As always, we placed significant importance on continuing to achieve strong capital ratios in the U.S. and in Japan on behalf of our policyholders and investors. We remain committed to prudent liquidity and capital management. We treasure our 38-year track record of dividend growth and remain committed to extending it supported by the strength of the capital and the cash flows. At the same time, we will continue to tactically repurchase shares, focus on integrating the growth investments that we've made in our platform.
We are well-positioned as we work toward achieving long-term growth, while also ensuring we deliver on our promise to our policyholders. By doing so, we look to emerge from this period in a continued position of strength and leadership, and look forward to sharing more about the strategic and financial priorities at our Financial Analysts Briefing on November the 16, 2021.
So now I turn the program over to Fred. Fred?
Thank you, Dan. I'm going to focus my comments on activities to restore our production platform and progress on growth strategies.
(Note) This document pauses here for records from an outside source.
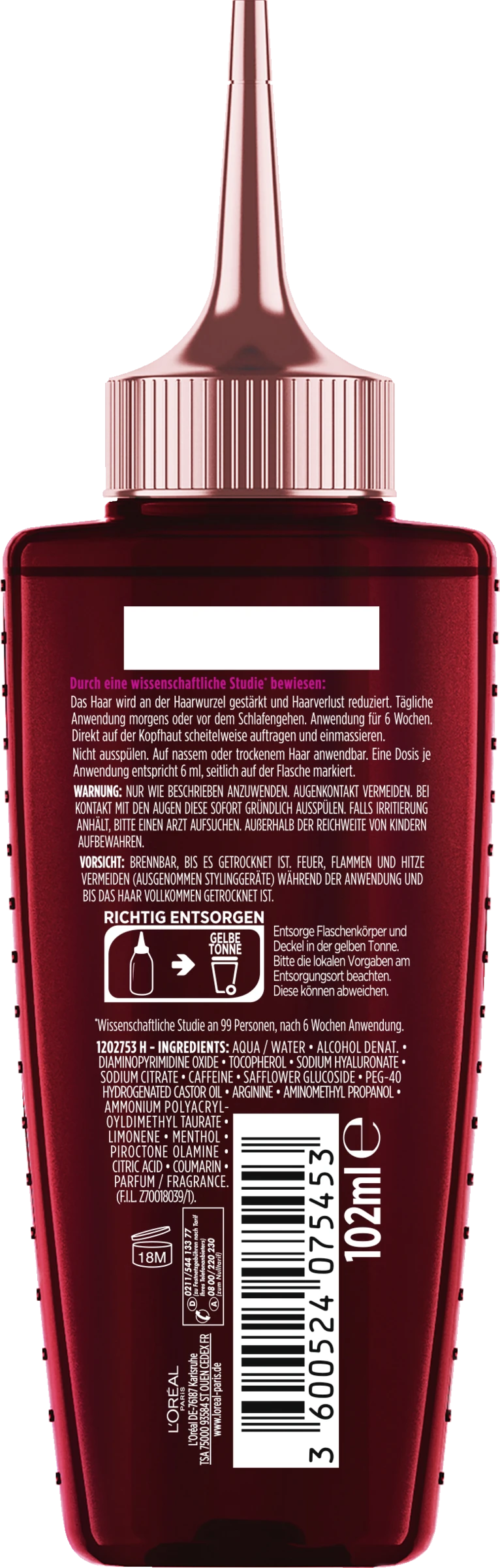 Das Elvital Serum bei Haarverlust direkt auf die trockene oder nasse Kopfhaut scheitelweise auftragen und einmassieren. Nicht ausspülen. Eine Dosis je Anwendung entspricht 6 ml des Produktes gegen Haarausfall, seitlich auf der Flasche markiert.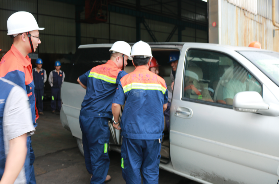 演练前,公司于四楼会议室进行了机械伤害事故应急演练培训会议,明确了机械伤害演练预案、策划好救援路线、配备救护人员,并分配好各部门的救援职责。演练在公司三车间矫直班组开展,在演练过程中,伤者模拟在矫直过程中脚被龙门行车撞伤,造成机械伤害。现场抢险小组立即负责抢救和转移受伤人员,并准备急救车辆,对演练过程进行拍摄记录并保存。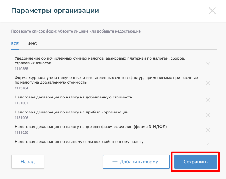 5. После добавленных всех форм нажмите «Сохранить»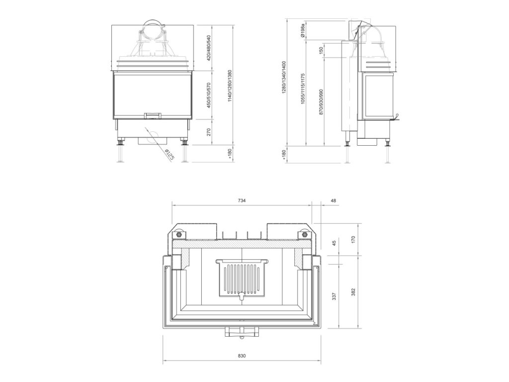 - jadro podľa voľby: šamot Anthrazit alebo Premium biele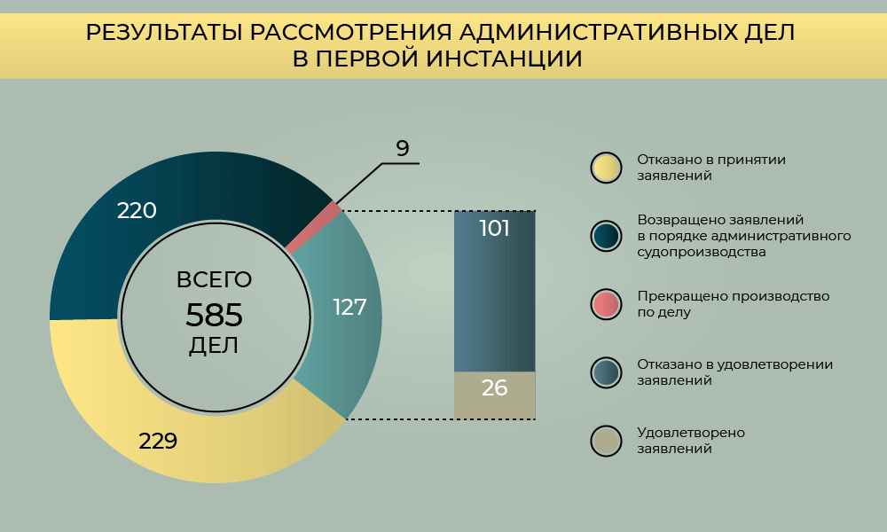 Апелляционная коллегия разобрала 27 уголовных и 235 административных дел. Что касается уголовных дел, то 28 из них затронули 48 человек: в них был вопрос о продлении срока содержания под стражей. Коллегия удовлетворила жалобы на постановления об изменении территориальной подсудности в отношении четырех человек. В удовлетворении остальных жалоб отказано.

Beginning with Aflac Japan, we are focused on three areas in building back to pre-pandemic levels of production, product development, online or digital assistant sales and specific sales efforts within the Japan Post platform.
With respect to product development, we continue to see positive reception to our revised medical product EVER Prime. Medical product sales for the first half of the year are up roughly 48% over the same period in 2020 and have approached pre-pandemic levels down only 4% from the 2019 period. We are gaining back market share in this highly competitive medical market. Earlier this year, we launched our first short-term insurance product under a newly formed subsidiary called SUDACHI. The product is a small amount, substandard medical product targeting customers who do not qualify for traditional medical coverage.
In the second quarter, we have registered close to 600 agencies with SUDACHI and issued about 230 policies. We are in the very early stages of this initiative, but over time, we anticipate adding additional short-term health and income support products. We are in the process of developing a new care product aimed at supplemental elderly care coverage provided by the government of Japan. We will provide strategic context and timing around this product in the coming months, but we believe this product line will mature into a meaningful driver of future third sector sales with an aging population and in anticipation of a continued shift in financial burden from the government to individuals.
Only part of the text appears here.